Can Task Specific Focal Dystonia really be ‘cured’?

When I was diagnosed with Task Specific Focal Dystonia in 2005, my neurologist told me that it was incurable. However, he did offer injections of botox into the muscles of my face to help alleviate the symptoms.

I humbly declined and left his office in a state of denial. My thought being, “If my face works normally when I don’t have a trumpet in my hands, then surely there’s nothing actually wrong with me?” But of course, every time I tried to produce a note, the muscles in the right side of my embouchure over–tensed and subsequently collapsed after a series of shaky motions.

If you are currently suffering from Musician’s Focal Dystonia, and have read my story of recovery (and the many other musicians out there whom have recovered), you may be asking yourself the question:

Can Musician’s Focal Dystonia really be ‘cured’? My neurologist says it can’t!

Let’s examine for a moment what a health care professional actually means when he/she states that Task Specific Focal Dystonia cannot be cured.

Say what?

So what does a health care professional really mean when they say that a disease or condition cannot be cured?
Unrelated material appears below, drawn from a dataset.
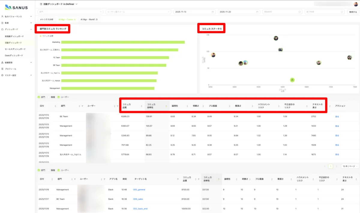 「SANUS AI」は、さまざまなコミュニケーションツール(Gmail、Slack、Outlook、Teamsなど)のメッセージをAIが解析し、10段階で評価することで、コミュニケーションの論理性や効率性を数値化。この機能により、不正会計やハラスメントのリスクも定量的に把握できるようになります。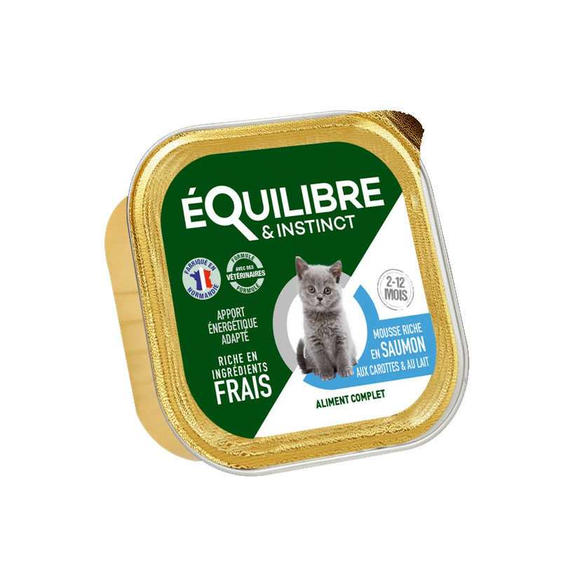 Nos mousses riches en saumon offrent un apport énergétique adapté aux besoins d’un chaton. La texture mousse facilite l’ingestion de la nourriture par le chaton. Cette recette contribue au bon développement psychomoteur du chaton grâce aux acides gras essentiels contenus dans le saumon.

Do they mean that resolving the problem is impossible? Or do they simply mean that “At this present moment in time, neither I, nor any other person, profession, technique or approach that I am currently aware of, is able to solve this problem for you.”
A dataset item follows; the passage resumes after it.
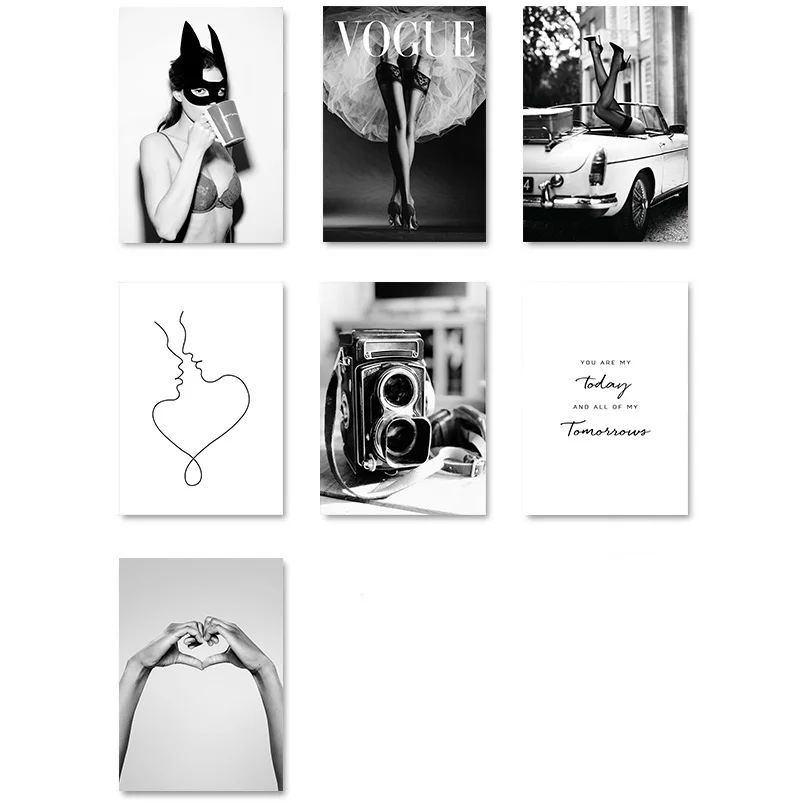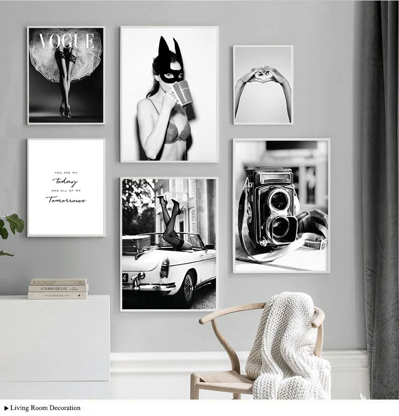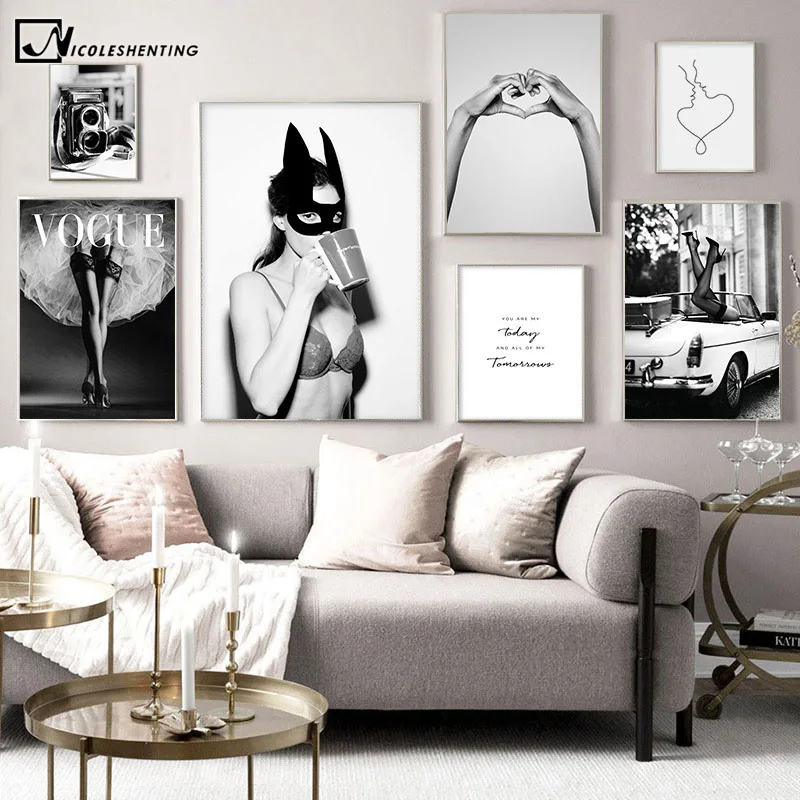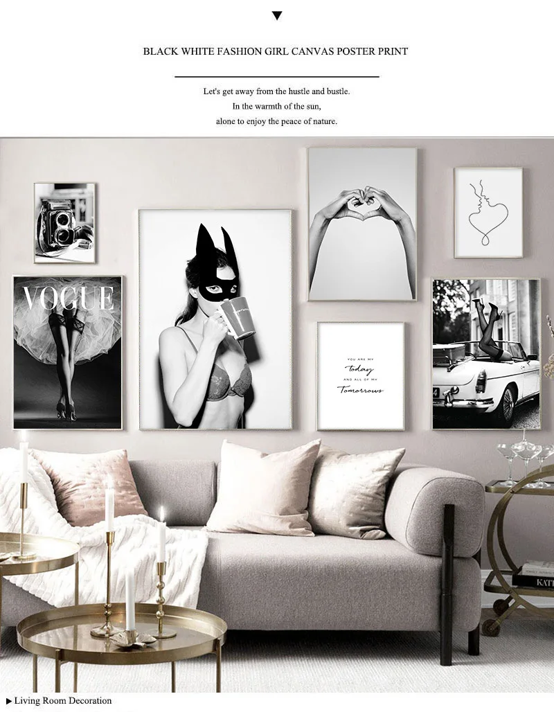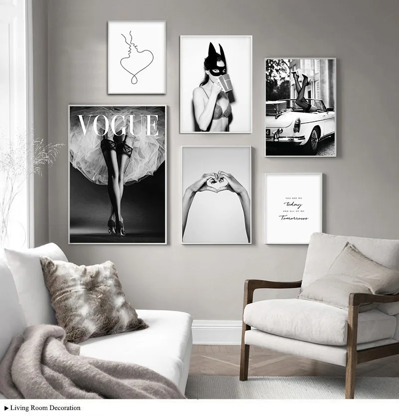 Сексуальный женский модный постер, черно-белый холст с принтом, нас...

Ahh, now wouldn’t it be better if they all said that, rather than categorically denying the existence of musicians that have recovered from focal dystonia?!?


The world is flat…really. It is. Isn’t it?

To drive home my point here. Do you remember when the world used to be flat? Of course you don’t, because it’s always been round, right? A globe – a sphere. Well, not according to ancient scholars – the most learned and wise men of their time.

To quote Wikipedia:
“The Flat Earth model is an archaic belief that the Earth’s shape is a plane or disk. Many ancient cultures have had conceptions of a flat Earth, including Greece until the classical period, the Bronze Age and Iron Age civilizations of the Near East until the Hellenistic period, India until the Gupta period (early centuries AD) and China until the 17th century. It was also typically held in the aboriginal cultures of the Americas, and a flat Earth domed by the firmament in the shape of an inverted bowl is common in pre-scientific societies.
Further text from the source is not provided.